Problem to work on:
Pictures excluded, return the lines below from the first through the line holding "El acto ha comenzado".

Entries taken from a collection
= = = = = = =

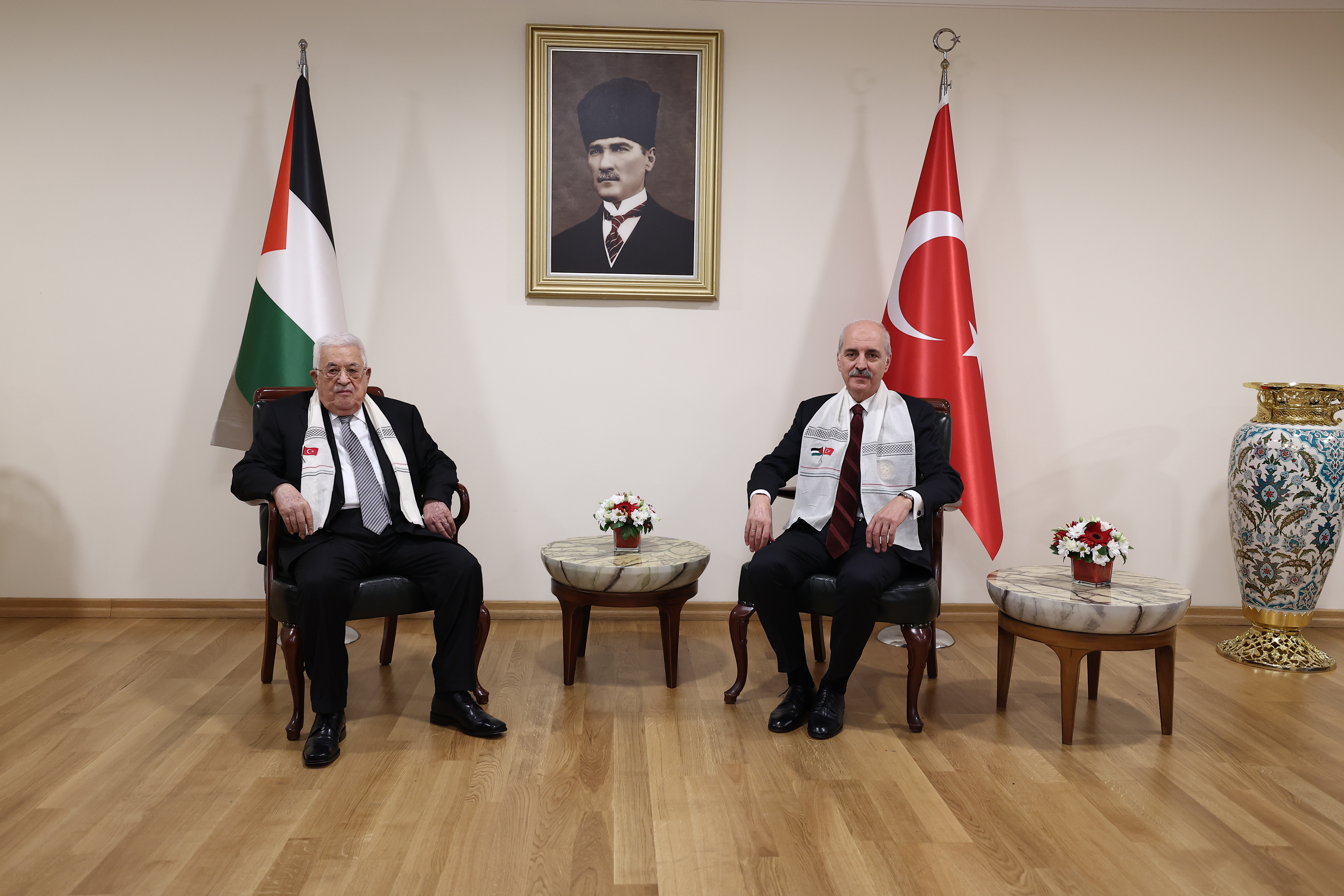 TBMM Başkanı Kurtulmuş, TBMM Genel Kurulu’na hitap etmek için Türkiye’ye gelen Filistin Devlet Başkanı Mahmud Abbas ile ikili görüşme gerçekleştirdi.
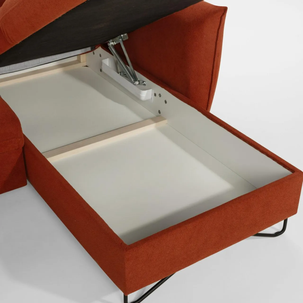 - Pojemnik w leżance będzie wygodnym miejscem do przechowywania kompletu pościeli. Będziesz mieć do niego dostęp, nawet po rozłożeniu narożnika.
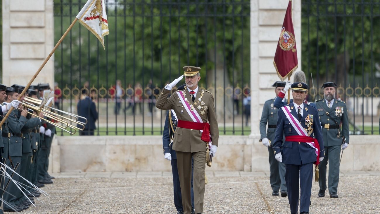 El acto ha comenzado con el recibimiento con honores a Felipe VI, quien ha vestido uniforme de capitán general del Ejército de Tierra y el collar de soberano.
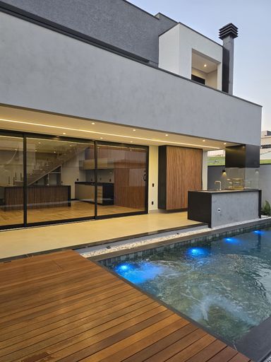 Com área construída de 271m², esta casa possui 3 suítes, lavabo, escritório, cozinha americana, lavanderia, sacada e muito mais. Além disso, conta com isolamento e aceita pets. A área de lazer é completa, com piscina, churrasqueira, varanda gourmet, jardim vertical com plantas naturais e chuveirão. A suíte master possui planejados e acesso a closet e banheiro por porta invisível ripado.
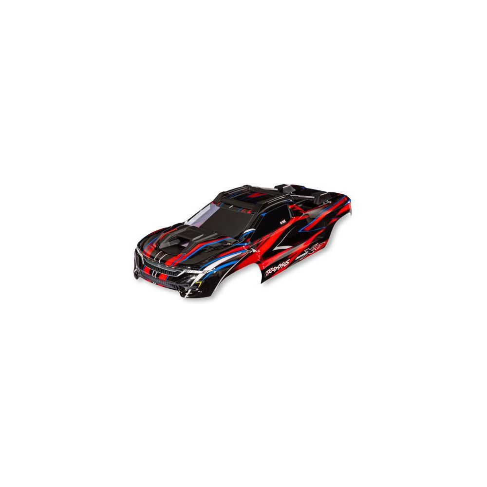 Traxxas Mini XRT test piros. Befejezetten festett karosszéria, felhelyezett matricák, beleértve a rögzítőelemeket a patentek nélkül.
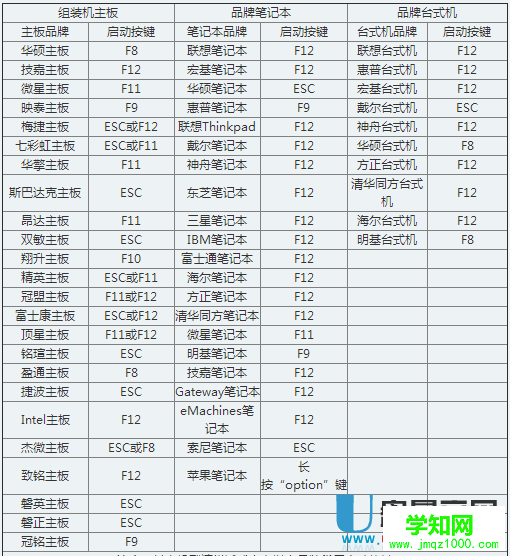 下面小編列出各種品牌的一鍵啟動u盤的快捷鍵查詢表:
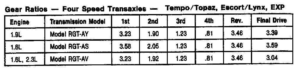 MTX 4-spd M/T, Gear Ratios (Tempo/Topaz, Ecsort/Lynx, EXP):
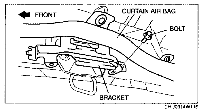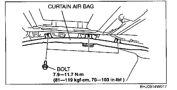 4. Remove the bolts from curtain air bag module points A.
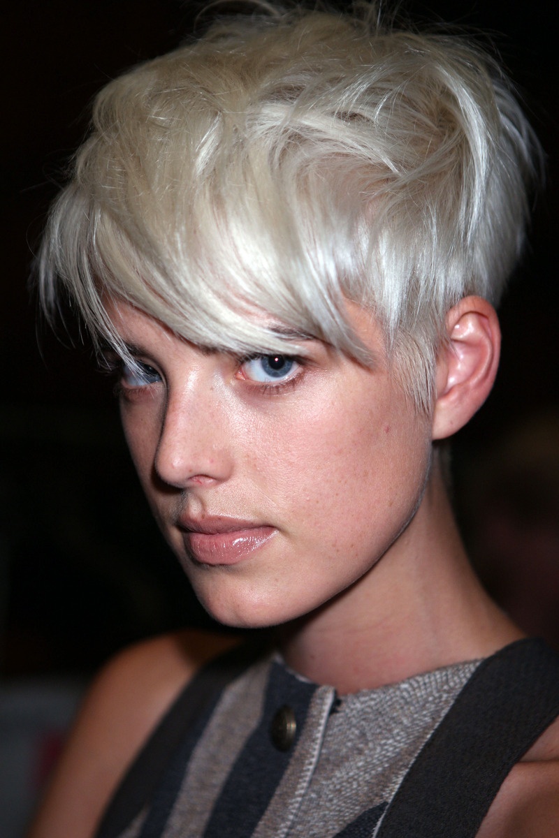 | Kiểu tóc pixie bạch kim chính là nét đưa cô nàng Agyness Deyn lên hàng siêu mẫu với vẻ đẹp lạ lùng không giống với bất cứ ai trong làng thời trang. |
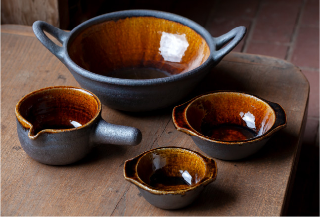 上から時計回りに両手付平土鍋33,000円、耳付土鍋6寸7,700円、耳付土鍋4寸5,500円、ミルク沸かしピッチャー丸形13,200円、いずれも山本教行作品。
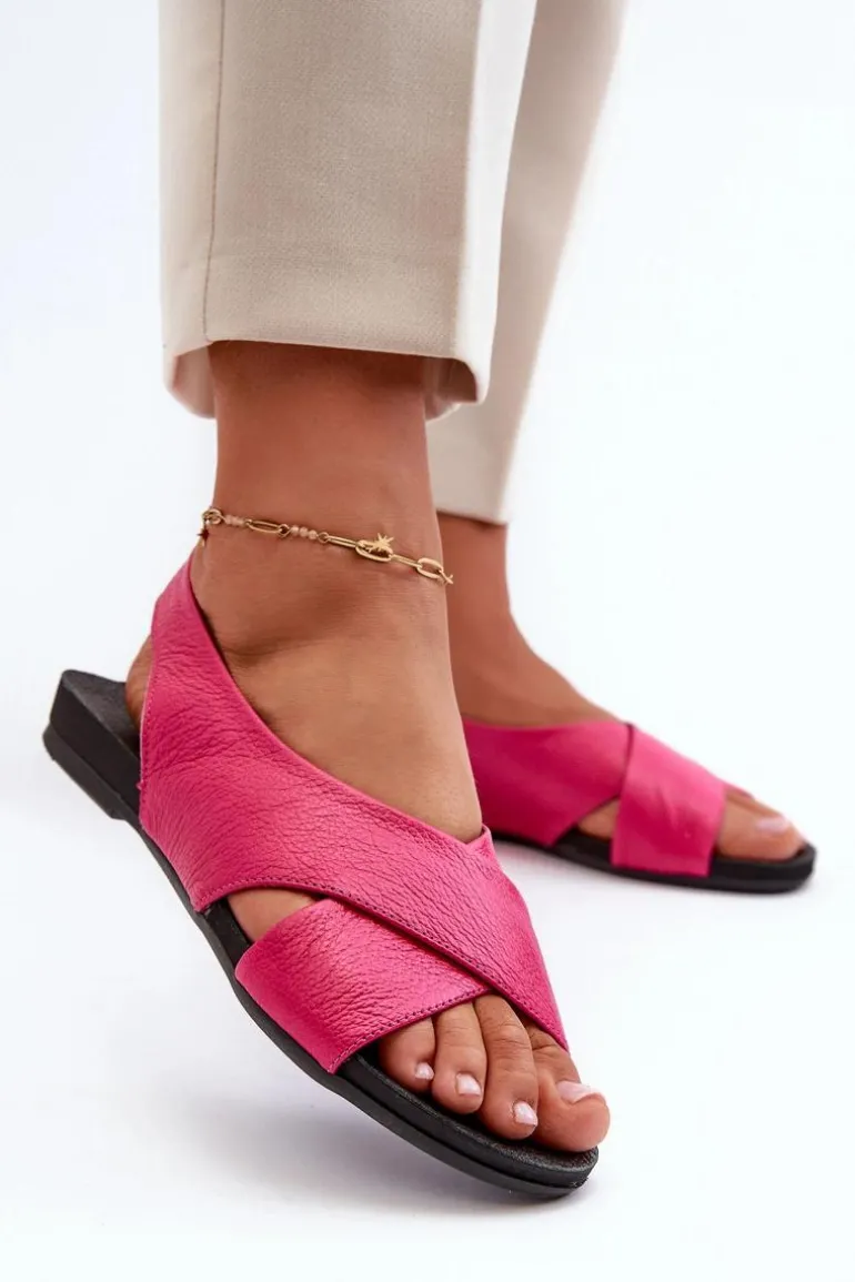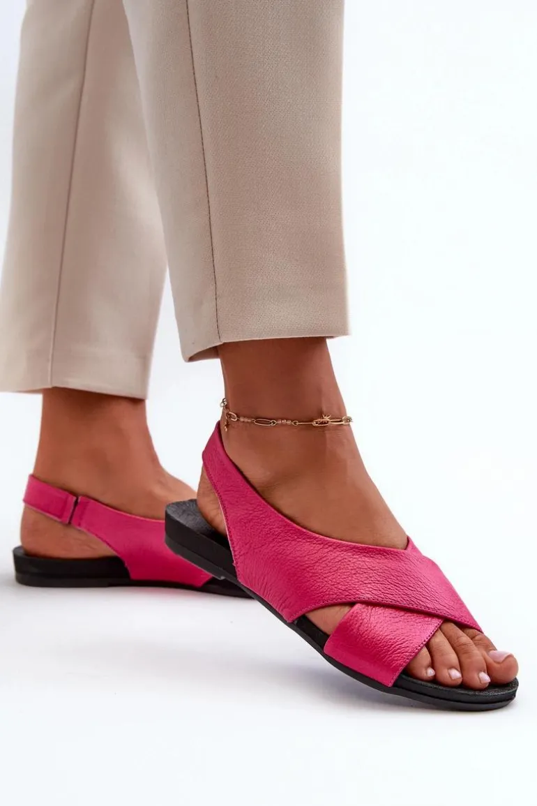 Eleganckie sandały damskie zostały wykonane z wysokiej jakości naturalnej skóry. Osadzone na płaskim obcasie. Sandałki posiadają odkrytą piętę i palce. Miękka, skórzana wkładka zapewni wygodne użytkowanie. Z tyłu na pasku dodatkowa gumka, która zapewni lepszą stabilizację stopy. Idealne do niemalże każdej letniej stylizacji. Koniecznie powinnaś je mieć! Przy wyborze rozmiaru prosimy kierować się tabelą rozmiarów.

= = = = = = =

Solved exercise:
 TBMM Başkanı Kurtulmuş, TBMM Genel Kurulu’na hitap etmek için Türkiye’ye gelen Filistin Devlet Başkanı Mahmud Abbas ile ikili görüşme gerçekleştirdi.
 - Pojemnik w leżance będzie wygodnym miejscem do przechowywania kompletu pościeli. Będziesz mieć do niego dostęp, nawet po rozłożeniu narożnika.
 El acto ha comenzado con el recibimiento con honores a Felipe VI, quien ha vestido uniforme de capitán general del Ejército de Tierra y el collar de soberano.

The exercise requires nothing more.